> **Data records**

━━━━━━━━━━━━━━━━━━━━━━━━━━━━━━

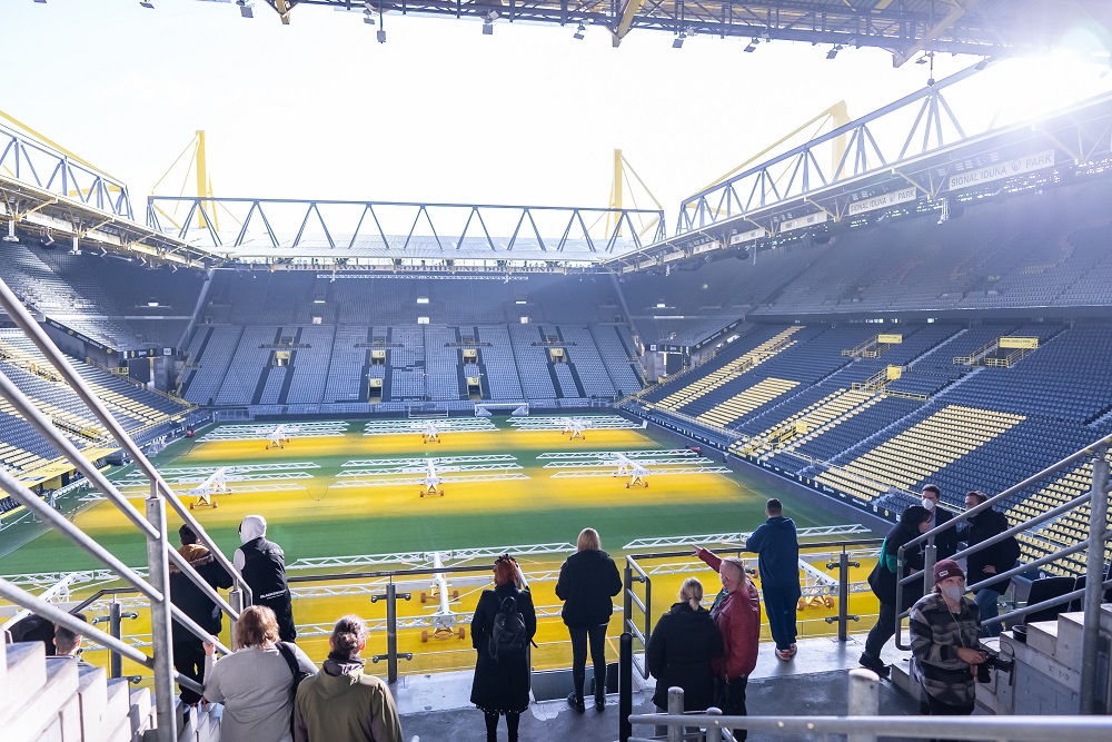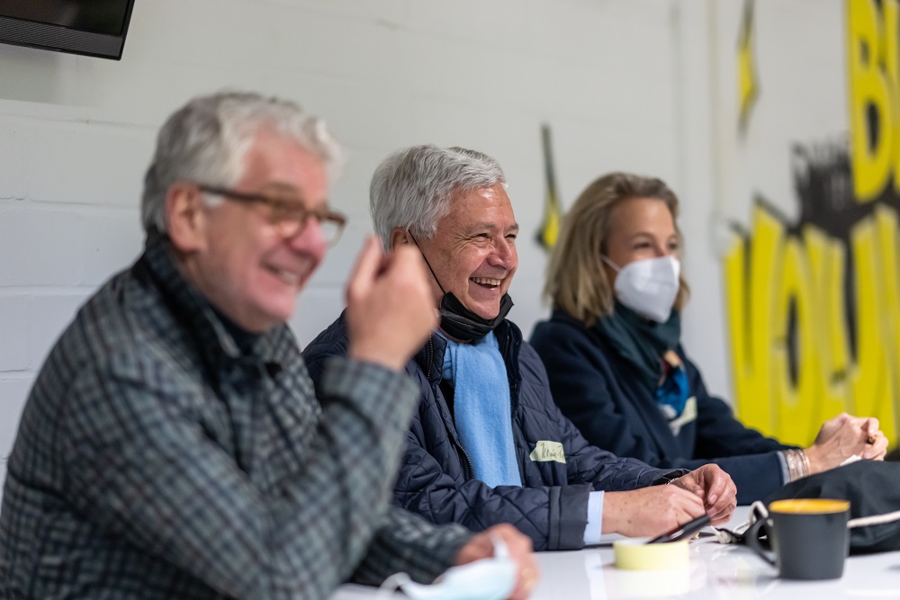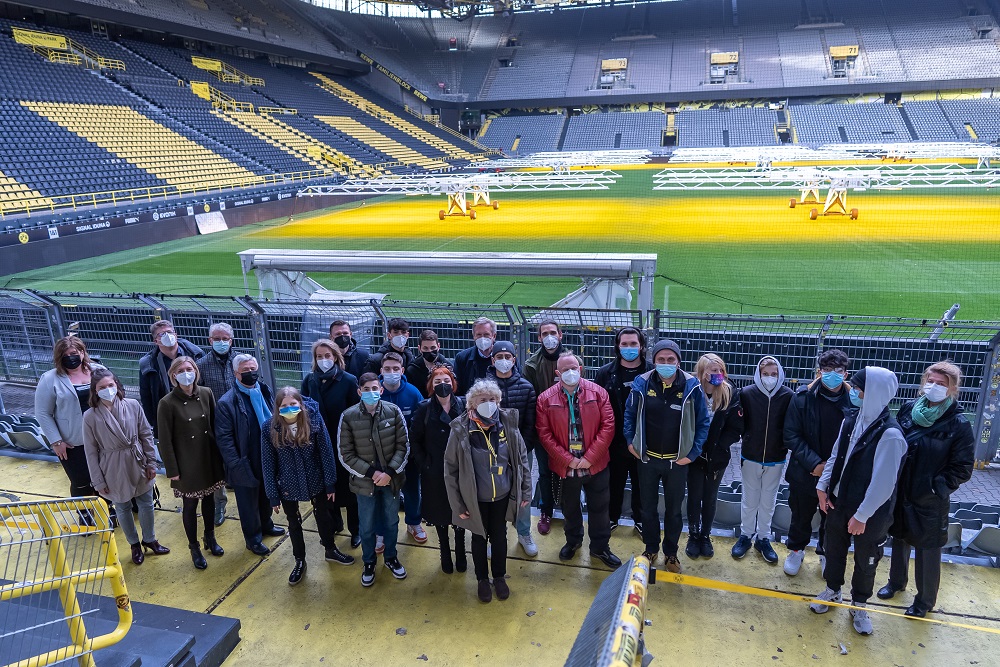 Austausch und Diskussion standen auch im Vordergrund des Besuchs von Marcel Reif (Vorsitzender des Kuratoriums), Klaus-Peter Müller (stellv. Vorsitzender des Kuratoriums), Julia Jäkel (Kuratorin) und Christian Wulff (Kurator) im BVB-Lernzentrum in Dortmund. Das Lernzentrum befindet sich im SIGNAL IDUNA PARK direkt unter der legendären Südtribüne. Hier bieten Johannes Böing, Leiter des BVB-Lernzentrums, und sein Team verschiedene Workshops zu Themen wie Zivilcourage, Rassismus und Rechtsextremismus oder Diskriminierung für Jugendgruppen an.
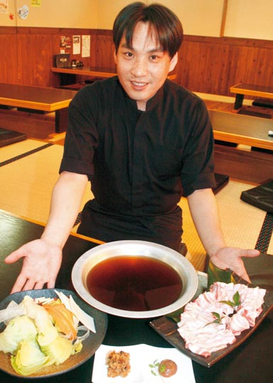 創業53年を誇るめんどり亭は今年6月、和歌山市梶取のきらくゆ和歌山店内に「きらくゆ店」をオープンした。四季折々の和食で人気を集めてきためんどり亭は、これを機に和歌山ならではの新しい創作料理の提供を始めた。現在は、紀州の郷土食で、めんどり亭の名物でもある茶がゆから発想した「紀州茶鍋」が一押し。同店の店長、角谷憲一さん(39)に、新しいメニューや、今後の展開について聞いた。(文中敬称略)
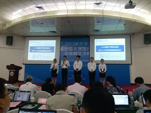 第十一届全国大学生化工设计竞赛分别于今年8月份在珠海中山大学、杭州浙江大学进行了华南赛区、全国总决赛。我院一共组成了17支队伍参赛,进入华南赛区总决赛由42所高校的48支队伍展开了两轮激烈角逐,产生了进入全国总决赛的9支队伍。我院2014级卓越班本科生廖坚良、陈志和、邓家炬、林小芳、陈燕萍组成的代表队在李和平、黎燕、吕奕菊、王晓娟、刘峥、杨文等老师指导下设计的作品“NHD脱硫-甲醇合成法年产4.5万吨甲硫醇项目设计”经过师生共同努力,以其出色的设计作品和精彩的现场答辩脱颖而出,勇夺赛区特等奖;并以广西高校唯一的一支队伍进入全国总结赛,荣获全国总决赛一等奖。
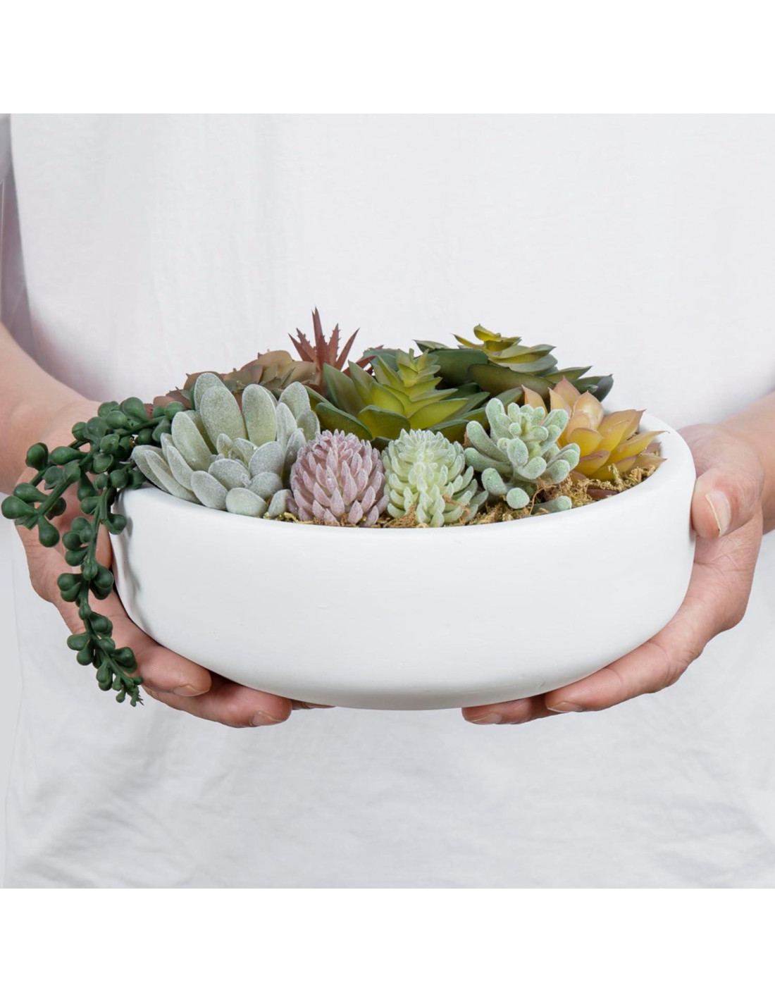 Agrega un toque de verdor a cualquier espacio con este surtido de suculentas mini falsas y una cadena de perlas en un tazón de concreto blanco de 8 pulgadas de diámetro.
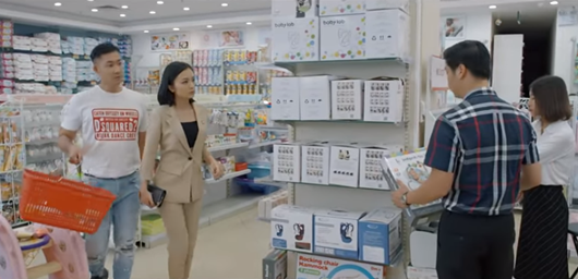 Cuộc gặp gỡ của San và Nguyên với Thái trong khu bán đồ trẻ con của siêu thị. |
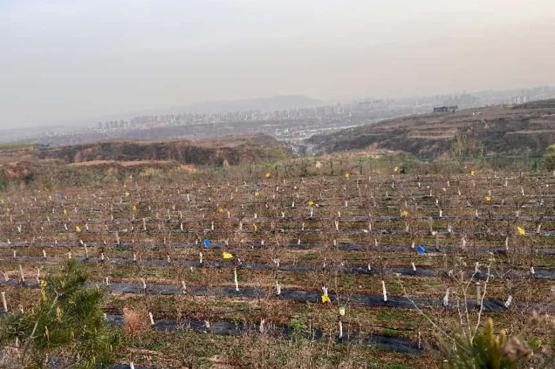 石榴种在河南巩义市邙山岭的一块独立山头,邙山岭是由黄河冲击而成的,黄土层深厚同时也是国内突尼斯软籽石榴的发源地。岭地周围的沟壑为生态种植和实践活力农耕农法提供了天然的隔断。
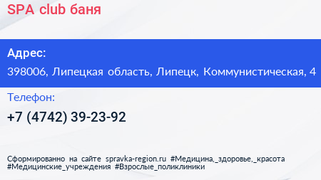 SPA club, баня по адресу 398006, Липецкая область, Липецк, Коммунистическая, 4 в дальнейшем Организация, размещена в следующих категориях:
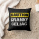 Travesseiro incrível com um sinal de aviso lendo CAUTION CRANKY CELIAC. Ideia de presente de excelente para qualquer pessoa com doença celíaca.

━━━━━━━━━━━━━━━━━━━━━━━━━━━━━━

> **ASSIGNMENT**
Return exactly, with no pictures, each line from the one that contains "創業53年を誇るめんどり亭は" through the end of the entries above, both ends included.

> **RESULT OF THE EXERCISE**
 創業53年を誇るめんどり亭は今年6月、和歌山市梶取のきらくゆ和歌山店内に「きらくゆ店」をオープンした。四季折々の和食で人気を集めてきためんどり亭は、これを機に和歌山ならではの新しい創作料理の提供を始めた。現在は、紀州の郷土食で、めんどり亭の名物でもある茶がゆから発想した「紀州茶鍋」が一押し。同店の店長、角谷憲一さん(39)に、新しいメニューや、今後の展開について聞いた。(文中敬称略)
 第十一届全国大学生化工设计竞赛分别于今年8月份在珠海中山大学、杭州浙江大学进行了华南赛区、全国总决赛。我院一共组成了17支队伍参赛,进入华南赛区总决赛由42所高校的48支队伍展开了两轮激烈角逐,产生了进入全国总决赛的9支队伍。我院2014级卓越班本科生廖坚良、陈志和、邓家炬、林小芳、陈燕萍组成的代表队在李和平、黎燕、吕奕菊、王晓娟、刘峥、杨文等老师指导下设计的作品“NHD脱硫-甲醇合成法年产4.5万吨甲硫醇项目设计”经过师生共同努力,以其出色的设计作品和精彩的现场答辩脱颖而出,勇夺赛区特等奖;并以广西高校唯一的一支队伍进入全国总结赛,荣获全国总决赛一等奖。
 Agrega un toque de verdor a cualquier espacio con este surtido de suculentas mini falsas y una cadena de perlas en un tazón de concreto blanco de 8 pulgadas de diámetro.
 Cuộc gặp gỡ của San và Nguyên với Thái trong khu bán đồ trẻ con của siêu thị. |
 石榴种在河南巩义市邙山岭的一块独立山头,邙山岭是由黄河冲击而成的,黄土层深厚同时也是国内突尼斯软籽石榴的发源地。岭地周围的沟壑为生态种植和实践活力农耕农法提供了天然的隔断。
 SPA club, баня по адресу 398006, Липецкая область, Липецк, Коммунистическая, 4 в дальнейшем Организация, размещена в следующих категориях:
 Travesseiro incrível com um sinal de aviso lendo CAUTION CRANKY CELIAC. Ideia de presente de excelente para qualquer pessoa com doença celíaca.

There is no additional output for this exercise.